CATESBY.
He wonders to what end you have assembled
Such troops of citizens to come to him,
His Grace not being warned thereof before.
He fears, my lord, you mean no good to him.
BUCKINGHAM.
Sorry I am my noble cousin should
Suspect me that I mean no good to him.
By heaven, we come to him in perfect love,
And so once more return and tell his Grace.
[Exit Catesby.]
When holy and devout religious men
Are at their beads, ’tis much to draw them thence,
So sweet is zealous contemplation.
Enter Richard aloft, between two Bishops.

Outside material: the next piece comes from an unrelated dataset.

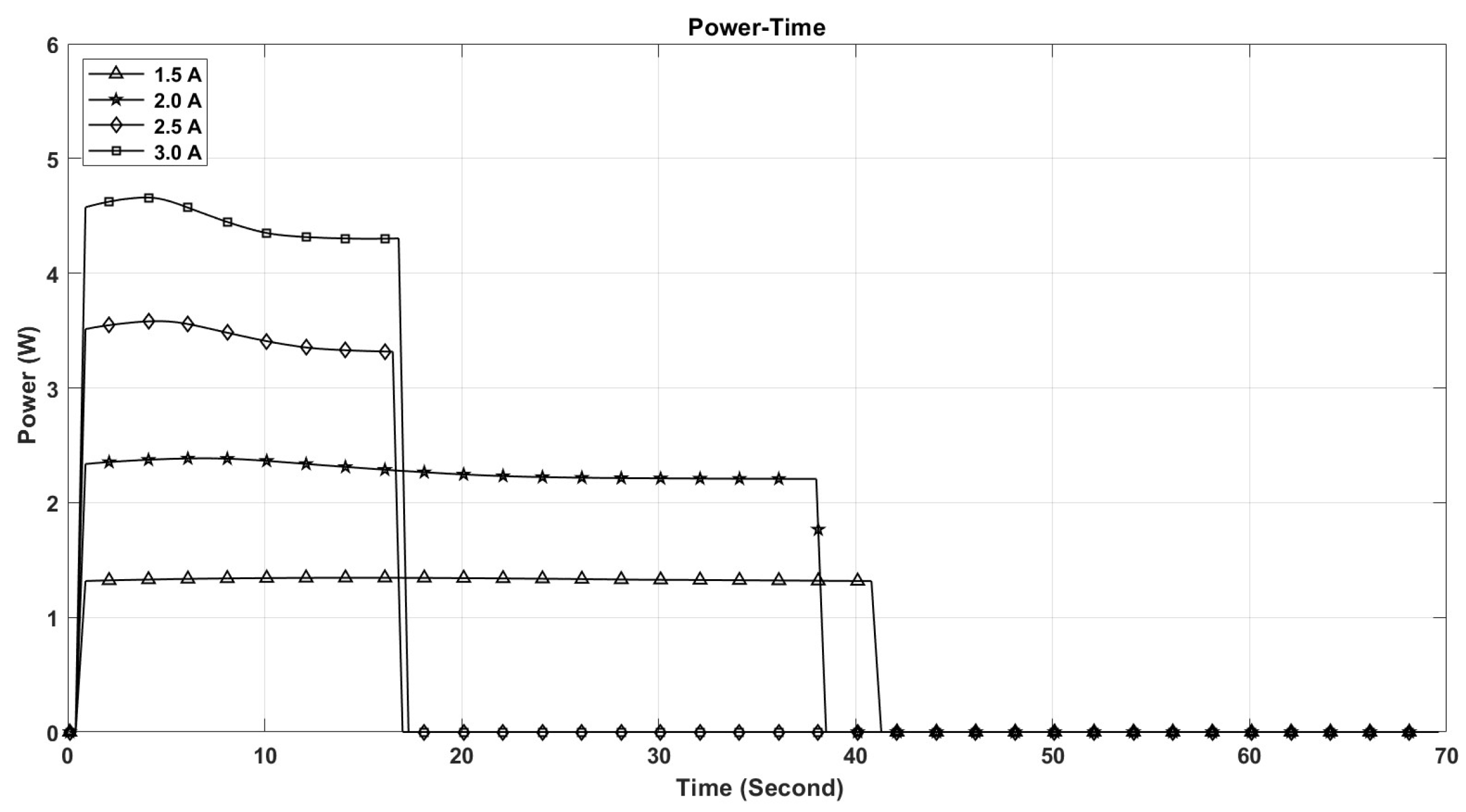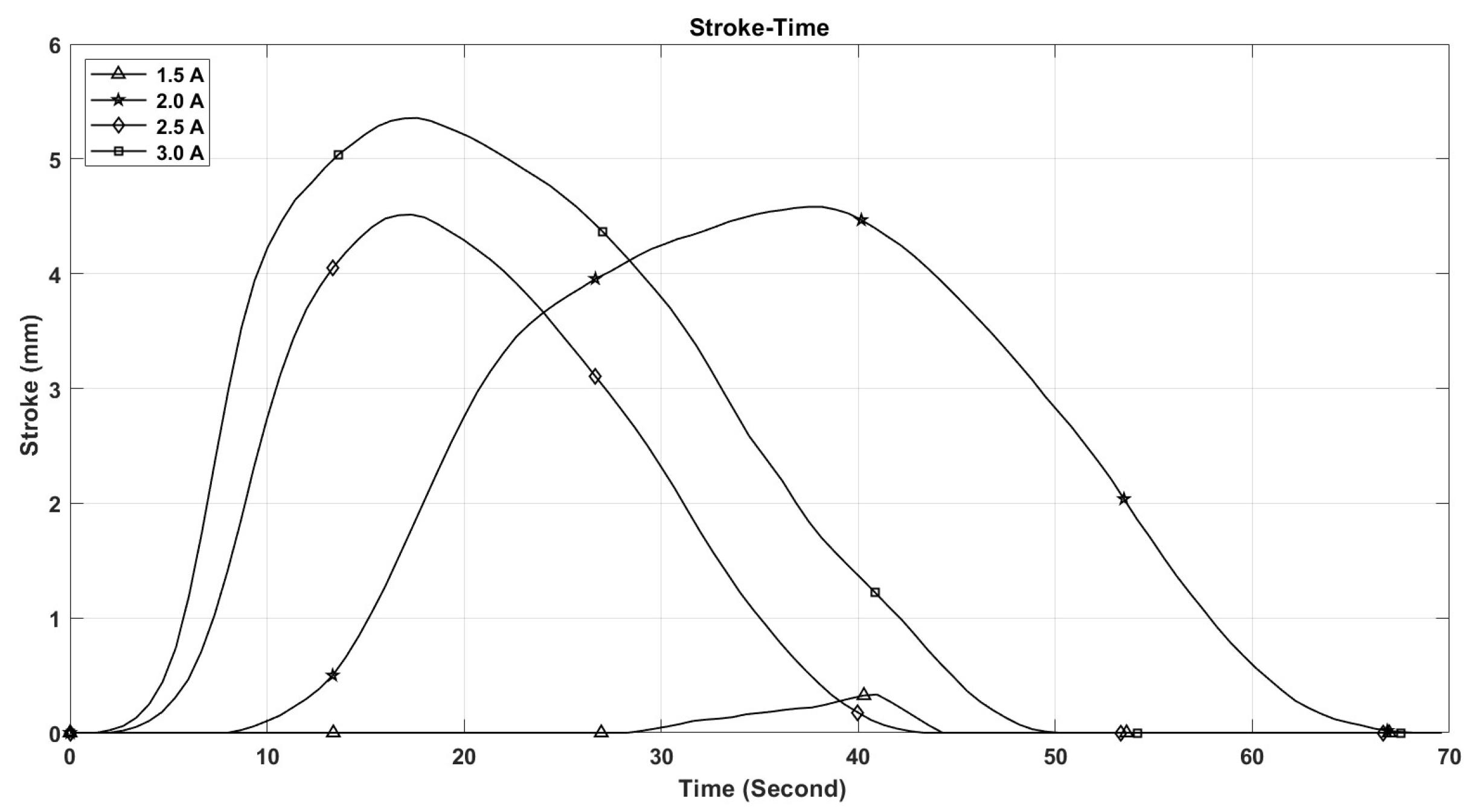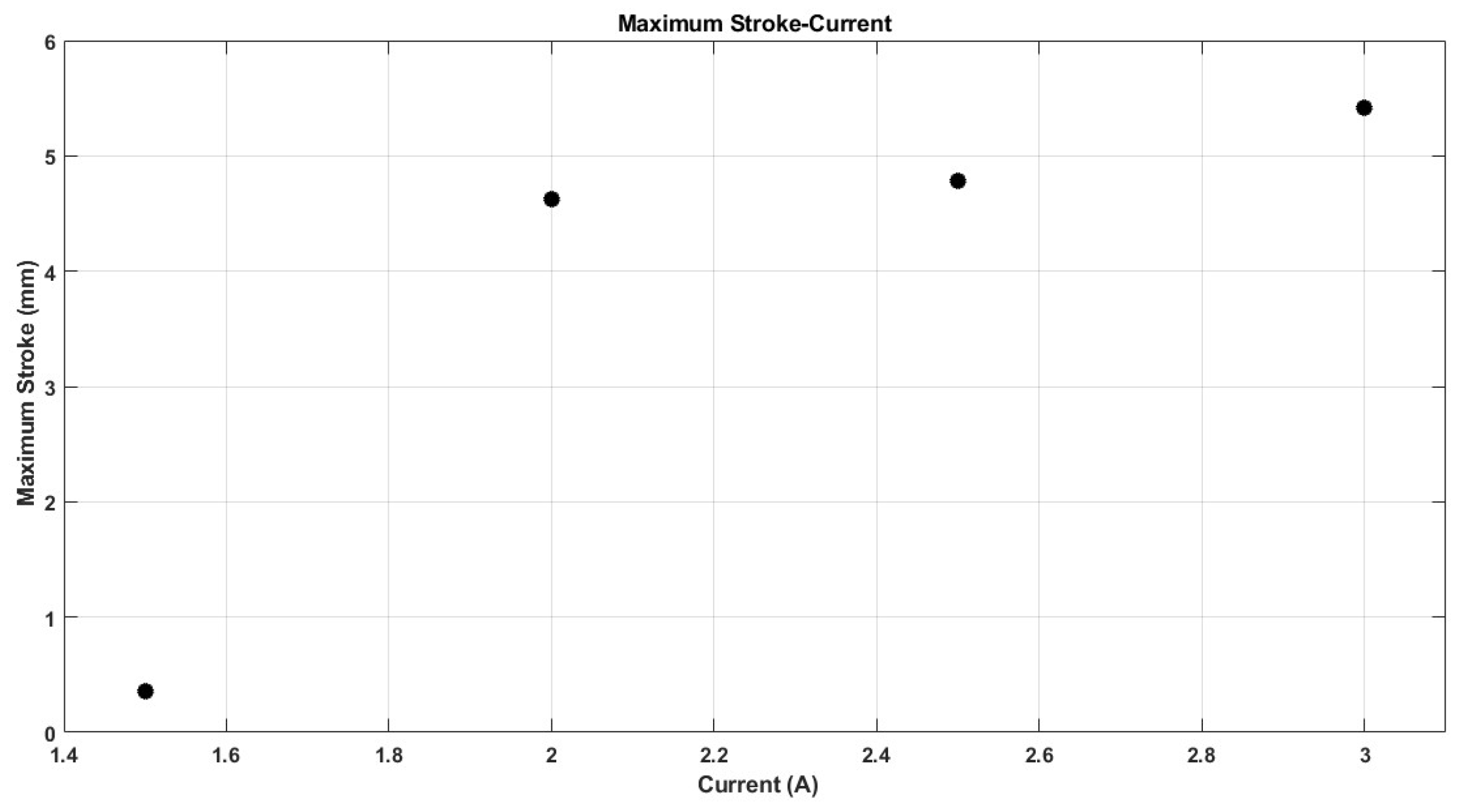 Figure 26. While it is evident that the capsule’s response time enhances with an increase in current, it is important to note that the power consumption of the springs also escalates, as demonstrated in

Catesby reenters.
MAYOR.
See where his Grace stands ’tween two clergymen!
BUCKINGHAM.
Two props of virtue for a Christian prince,
To stay him from the fall of vanity;
And, see, a book of prayer in his hand,
True ornaments to know a holy man.
Famous Plantagenet, most gracious Prince,
Lend favourable ear to our requests,
And pardon us the interruption
Of thy devotion and right Christian zeal.
RICHARD.
My lord, there needs no such apology.
I do beseech your Grace to pardon me,
Who, earnest in the service of my God,
Deferred the visitation of my friends.
But, leaving this, what is your Grace’s pleasure?
BUCKINGHAM.
Even that, I hope, which pleaseth God above,
And all good men of this ungoverned isle.
RICHARD.
I do suspect I have done some offence
That seems disgracious in the city’s eye,
And that you come to reprehend my ignorance.